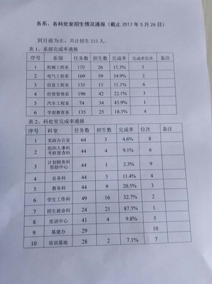 5月27日系部召开大会,辛立胜副主任主持,王世福主任讲话,公布截止5月27日,汽车工程系共招生34人,完成率为45.9%,暂列第一。肯定了前期成绩,下一步任务依然艰巨,要严格贯彻刘仲凯校长的四项要求,再接再厉,再创辉煌。
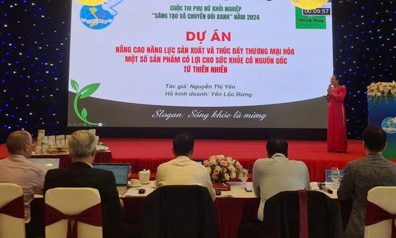 Trong đó, tỉnh Đồng Nai có một dự án được vào vòng chung kết cấp vùng khu vực miền Nam cuộc thi Phụ nữ khởi nghiệp sáng tạo và chuyển đổi xanh. Đó là dự án Nâng cao năng lực sản xuất và thúc đẩy thương mại hoá một số sản phẩm có lợi cho sức khoẻ có nguồn gốc từ thiên nhiên của thí sinh Nguyễn Thị Yến, chủ hộ kinh doanh Yến Lộc Rừng (xã Thanh Sơn, huyện Định Quán).
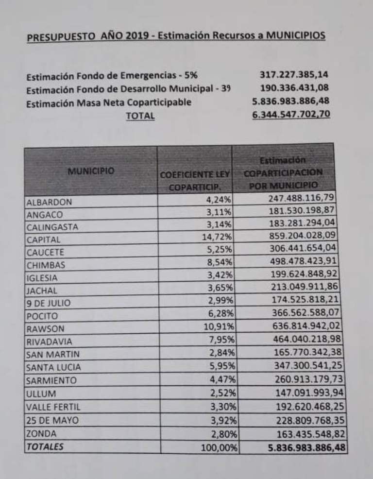 SUSCRIBITEUna cifra estimada en $6.344 millones es la que recibirán los municipios sanjuaninos el año próximo según el proyecto de ley Presupuesto 2019, cifra ajustada al nuevo reparto surgida de la nueva ley de coparticipación de la provincia.
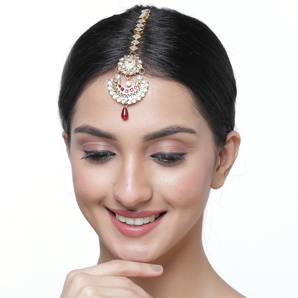 • Elegant Design: This gold-plated Kundan Maang Tikka with pink beads and pearl details adds a regal touch to your ethnic wear.
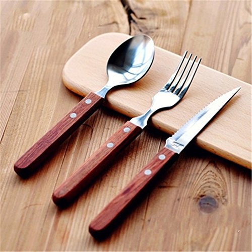 -. Title : 木製ハンドルステンレス食器カトラリー食器フォークステーキレトロキッチンカッタースプーン食器セット
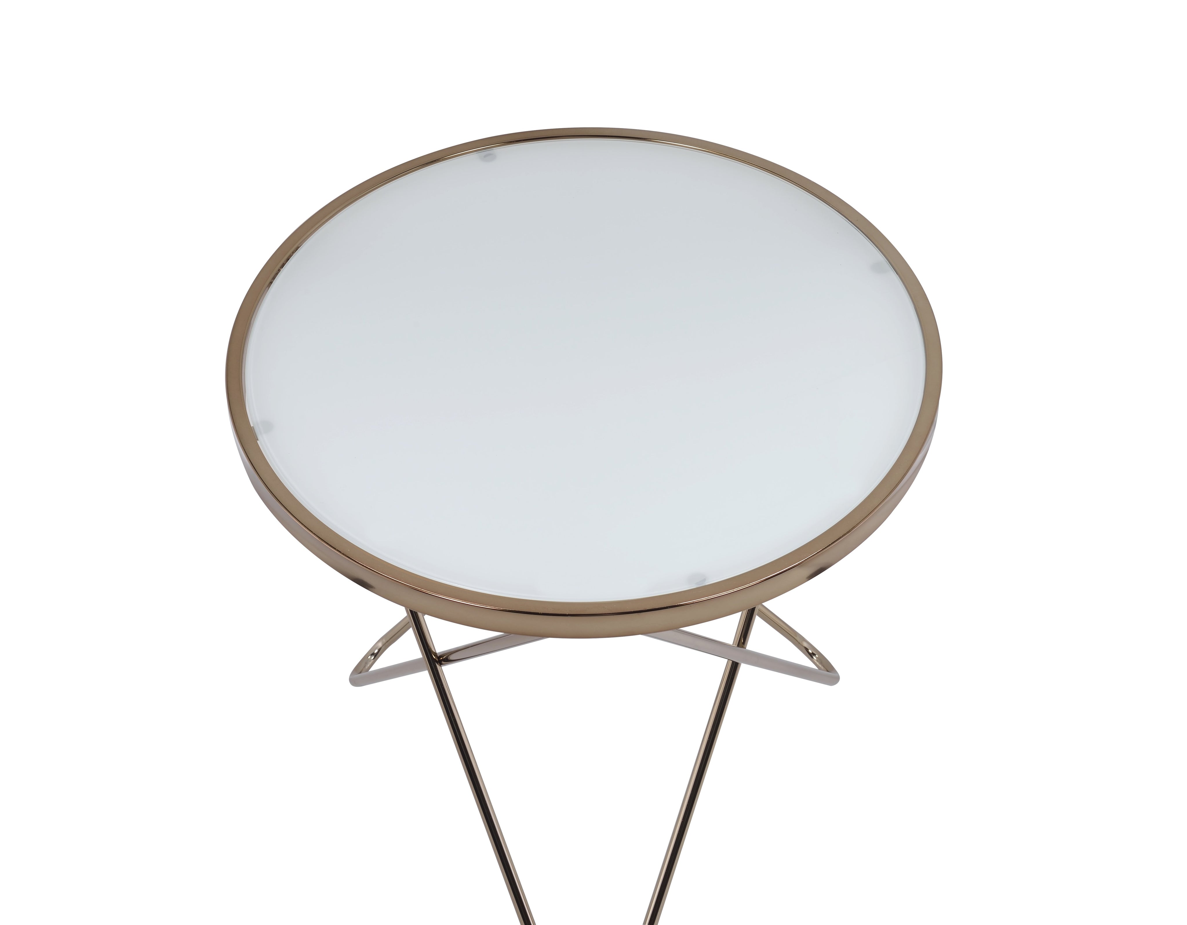 - Color: Champagne finish metal with frosted glass top
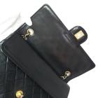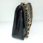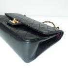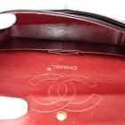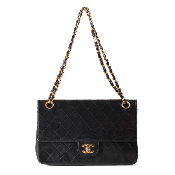 Chanel vintage medium classic double flap bag in black lambskin leather (Serial#3xxxx8). Featuring gold-toned hardware, exterior back patch pocket, and CC logo with turn-lock closure at front of flap. This opens to a black interior flap and burgundy leather interior with patch pockets. Approximate dimensions: 24.5cm(L) x 16cm(H) x 6cm(D), doubled strap drop 22cm. With Entrupy Certificate of Authenticity. (Pre-owned)

::::

▸ **What the exercise asks**
Above, find the line holding "-. Title : 木製ハンドルステンレス食器カトラリー食器フォークステーキレトロキッチンカッタースプーン食器セット" and the line holding "- Color: Champagne". Print exactly those two lines and every line between them, but no pictures.

▸ **Output below**
 -. Title : 木製ハンドルステンレス食器カトラリー食器フォークステーキレトロキッチンカッタースプーン食器セット
 - Color: Champagne finish metal with frosted glass top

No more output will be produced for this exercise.